Task statement :: Exactly reproduce the line containing "Buy any 2 Oma's" and all later lines to the end of the entries, leaving the pictures out of your copy.

Stored data
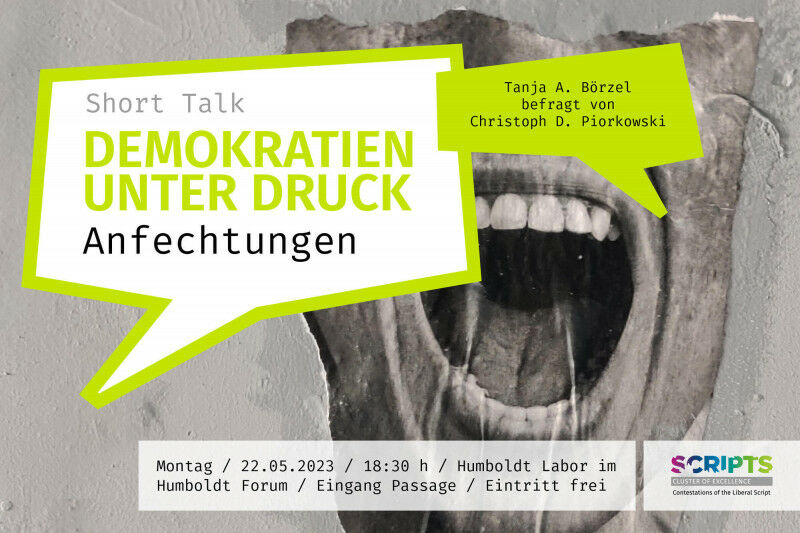 Neuer Short Talk mit Tanja A. Börzel in der Reihe ,,Demokratien unter Druck" des Exzellenzclusters SCRIPTS am 22. Mai 2023 um 18. Uhr im Humboldt Forum. Short Talks #Anfechtungen Weltweit geraten Demokratien derzeit unter Druck - von innen wie von außen. Die Anfechtungen politischer und gesellschaftlicher Ordnungen sind zahlreich: Wie sind die zentralen Herausforderungen miteinander verbunden? Sind wir Zeugen eines besonderen historischen Moments oder musste die Demokratie schon immer gegen äußere und innere Feinde verteidigt werden? Welchen Beitrag kann die Wissenschaft leisten, um das Gefahrenpotenzial zu bestimmen? Oder steht auch die Wissenschaftsfreiheit selbst ihrerseits zur Disposition? Zu diesen und anderen Fragen gibt die Politologin Tanja A. Börzel im Gespräch mit dem Journalisten Christoph D. Piorkowski Auskunft. Das Gespräch findet am 22. Mai im Humboldt Labor im Humboldt Forum statt und beginnt um 18. Uhr; es ist öffentlich, der Eintritt frei. Die Professorin für Politikwissenschaft und Inhaberin des Lehrstuhls für Europäische Integration am Otto-Suhr-Institut für Politikwissenschaft der Freien Universität Berlin forscht unter anderem zu institutionellem Wandel, vergleichendem Regionalismus und Governance.
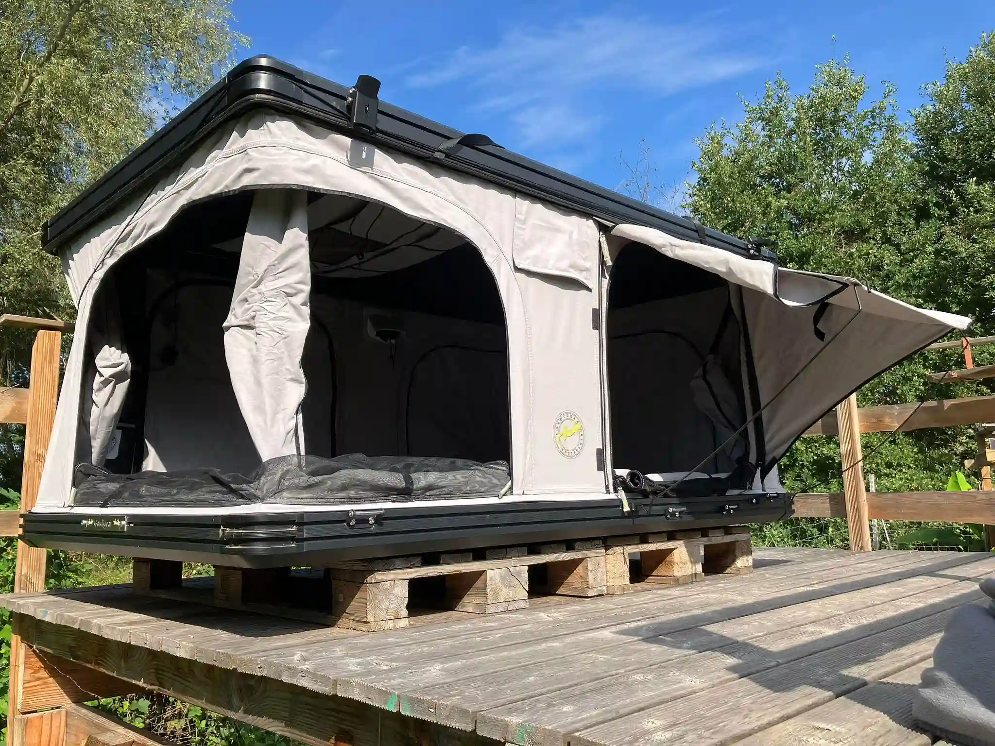 Das Dachzelt ist im April 2025 fabrikneu im DACHZELT DORF Rülzheim auf der Plattform Siesta eingezogen. Seither wird es dort von unseren Gästen Probe geschlafen und war bis zum Ende der Saison etwa 50 Nächte im Einsatz.
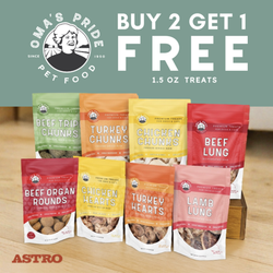 Buy any 2 Oma's Pride 1.5oz Treats, Get 1 FREE!
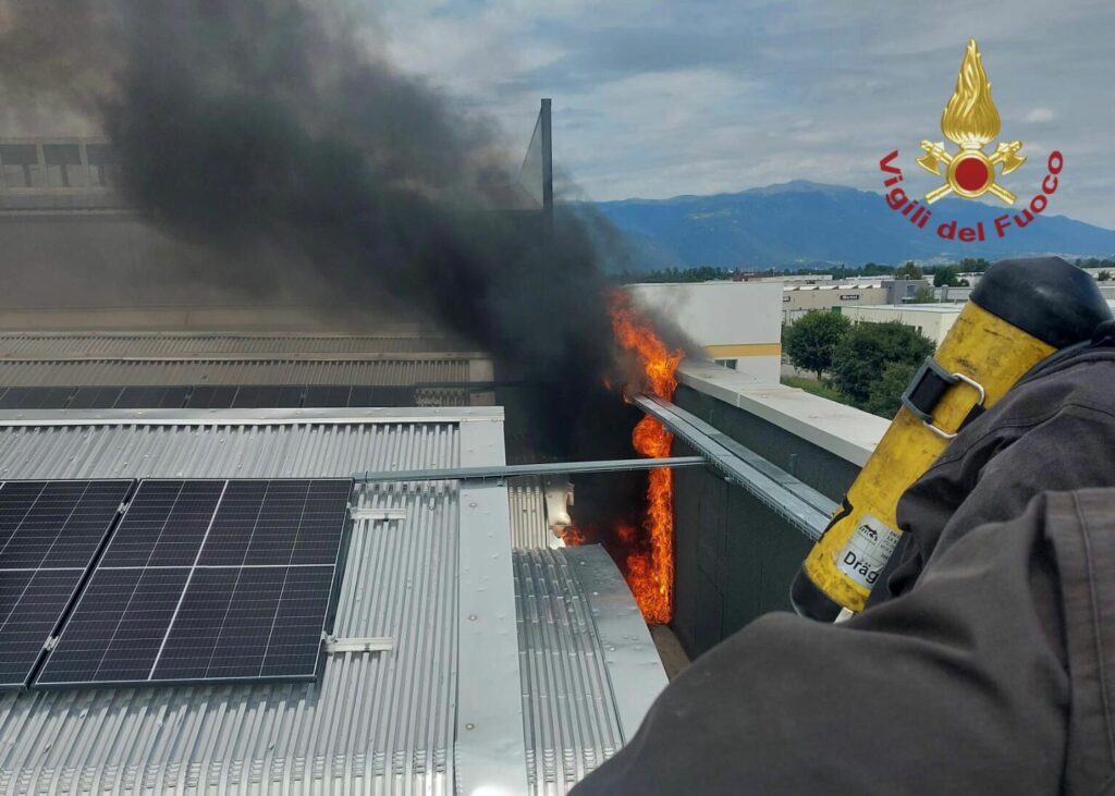 In fiamme l'impianto fotovoltaico di un'azienda metalmeccanica: i pompieri limitano i danni
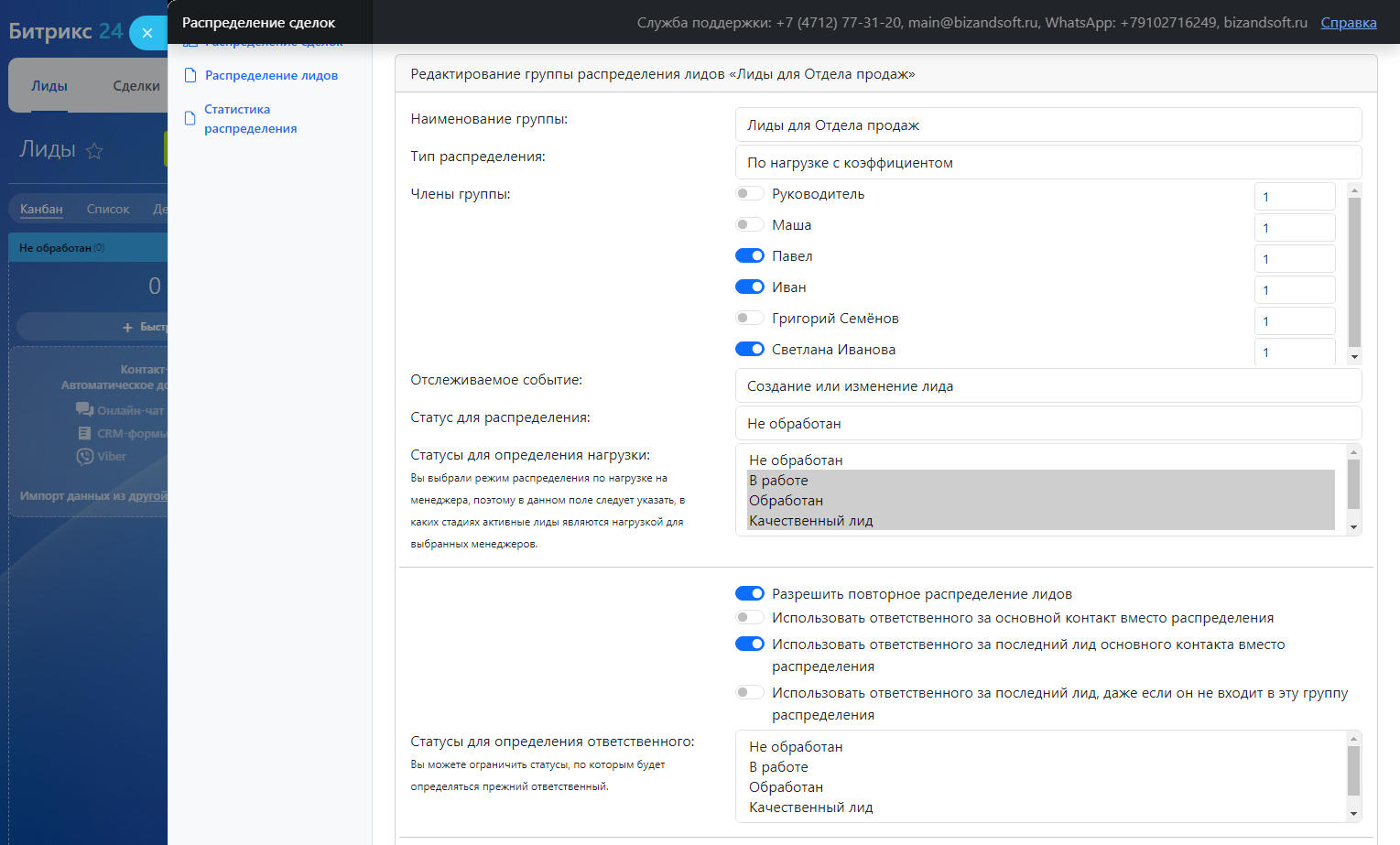 - Распределение по нагрузке с учётом как всех сделок/лидов менеджера, так и с выделением отдельных статусов для просчёта нагрузки;

Reply ::
 Buy any 2 Oma's Pride 1.5oz Treats, Get 1 FREE!
 In fiamme l'impianto fotovoltaico di un'azienda metalmeccanica: i pompieri limitano i danni
 - Распределение по нагрузке с учётом как всех сделок/лидов менеджера, так и с выделением отдельных статусов для просчёта нагрузки;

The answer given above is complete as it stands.